또한, 네트워크 구간 내에서 동작을 하고 있으므로, 보안 위협에 대한 탐지에 대해 즉시 차단 명령을 내리면 실시간으로 보안 정책이 적용될 수 있는 것이 가장 큰 특징이다. 물론, 최근에는 네트워크 구성이 매우 복잡하고 고도화되고 있어 네트워크 구간 내의 회선이 2중화 이상으로 구성이 되는 경우가 비일비재하다. 이러한 구성 방식을 대응하기 위하여 인라인 방식 제품은 하나의 장비에서 여러 회선을 수용할 수 있는 구성 방식과 함께 2대 이상의 인라인 방식 제품이 서로 실시간 TCP 세션을 공유할 수 있도록 하는 액티브-액티브(Active-Active) HA 구성 방식도 지원하는 제품도 있다.

4. 적용 제품의 예
A. 방화벽
    A. L3 (Routed) Mode 구성 방식의 방화벽
    B. L2 (Transparent) Mode 구성 방식의 방화벽
    C. L2 (Transparent) Mode 구성 방식의 Bypass 기능을 내장한 방화벽
B. IPS
    A. L2 (Transparent) Mode 구성 방식의 Bypass 기능을 내장한 IPS
C. Router/Switch
    A. L3 기반의 Routing 처리(Static & Dynamic Routing Protocol)
    B. L2 기반의 Swtching 처리

Out-of-Path 구성 방식이란?

1. 구성 방식의 설명
아웃오브패스 방식은 ‘Out-of-Path’라는 단어에서 의미하는 바와 같이 설치되는 장비가 트래픽의 소통 구간에서 외부로 빠져 나와있는 구성 방식을 의미한다. 이를 도식화하면 [그림 2]와 같다.

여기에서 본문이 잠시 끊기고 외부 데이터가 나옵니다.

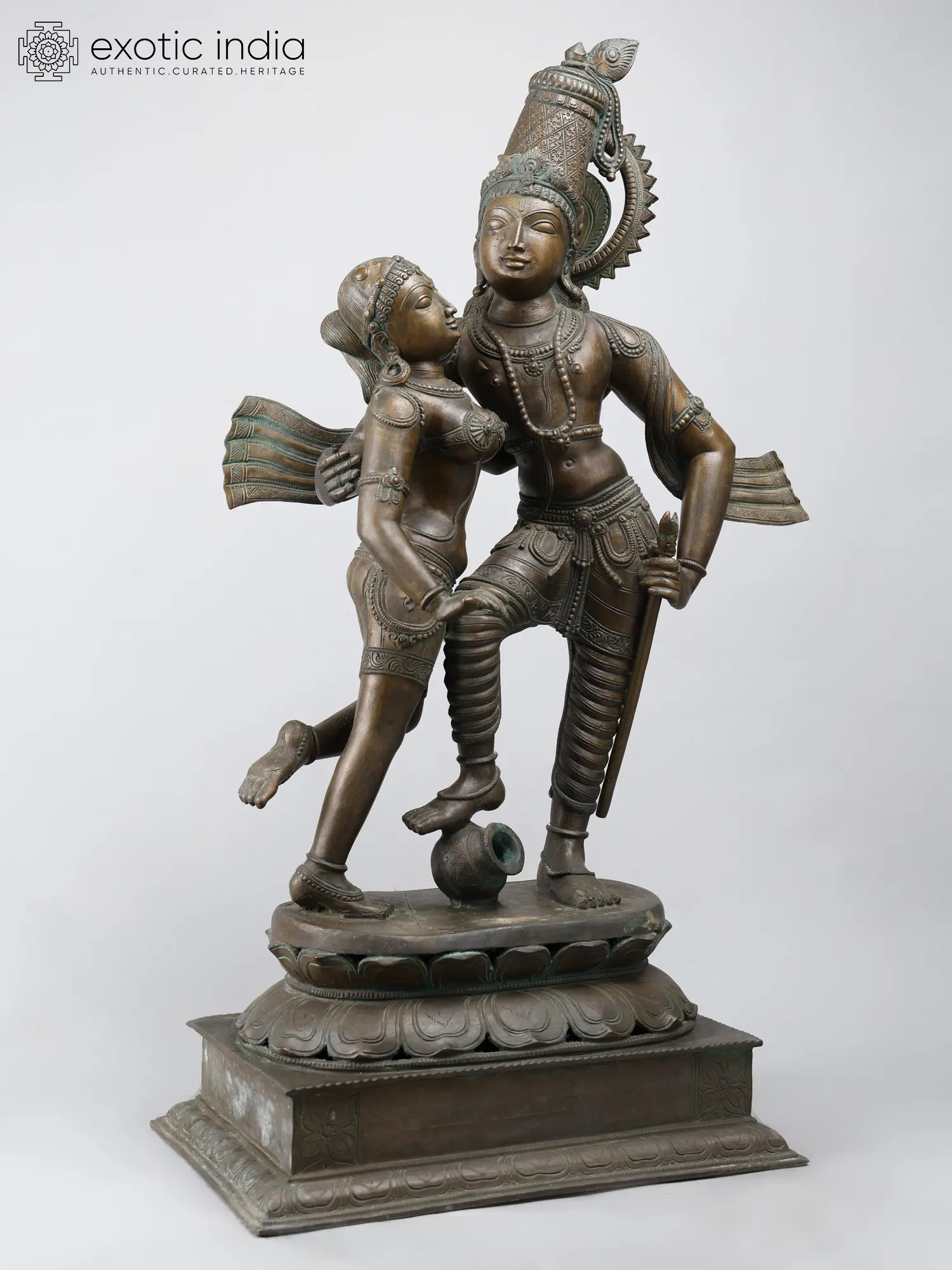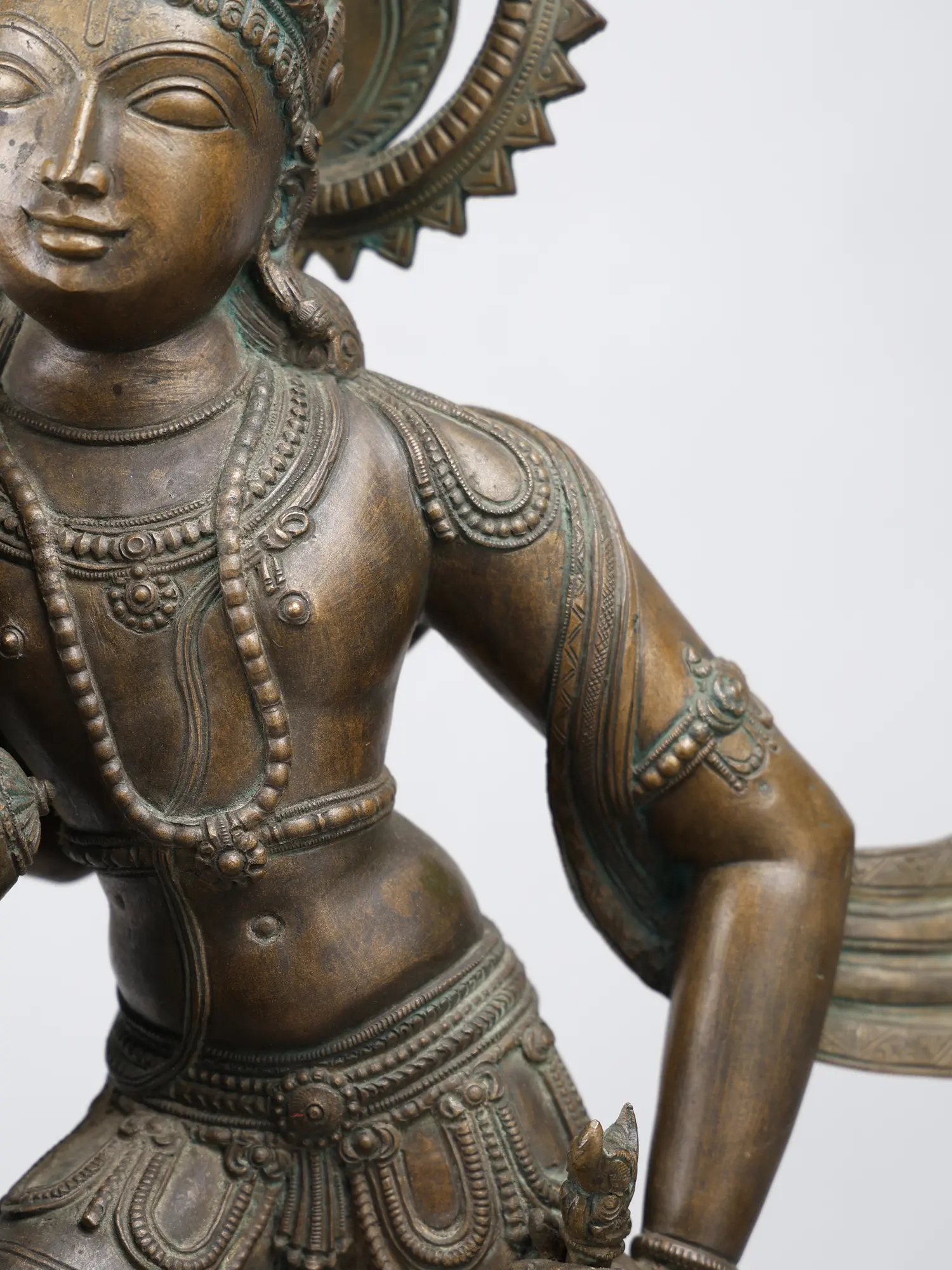 The harmony of Radha-Krishna’s togetherness, in the performing arts idiom. A dynamic sculpture in panchaloha, a special kind of bronze made from a blend of five (‘pancha’) different iron-based (‘loha’) alloys, it is a fine example of the traditional workmanship of South India. A handpicked, one-of-a-kind Radha-Krishna composition such as this one would be a valuable addition to the home of the modern-day devotee.

[그림 2] Out-of-Path 구성 방식의 예

특히, 아웃오브패스 방식은 인라인 방식과는 다르게 네트워크 구간 외부에 설치되어 전체 트래픽 중 특정한 트래픽만 통과하거나, 평상시에는 전혀 트래픽이 통과하지 않는 구성으로 이용이 가능하다. 이로 인해 제품이 설치가 되더라도 기존의 네트워크 트래픽 흐름에는 영향을 주지 않는 장점을 가지고 있다. 즉, 인라인 방식의 약점인 전송 지연, 또는 장애 등의 문제로부터 좀 더 자유로울 수 있다는 것이다.

2. 아웃오브패스 방식이 관여하는 네트워크 트래픽의 방향성
아웃오브패스 방식을 통과하는 트래픽의 유형은 크게 ‘특정 서비스 트래픽의 양방향 트래픽’이나 ‘특정 서비스 트래픽의 단방향 트래픽’의 두 가지 형태로 분류할 수 있다.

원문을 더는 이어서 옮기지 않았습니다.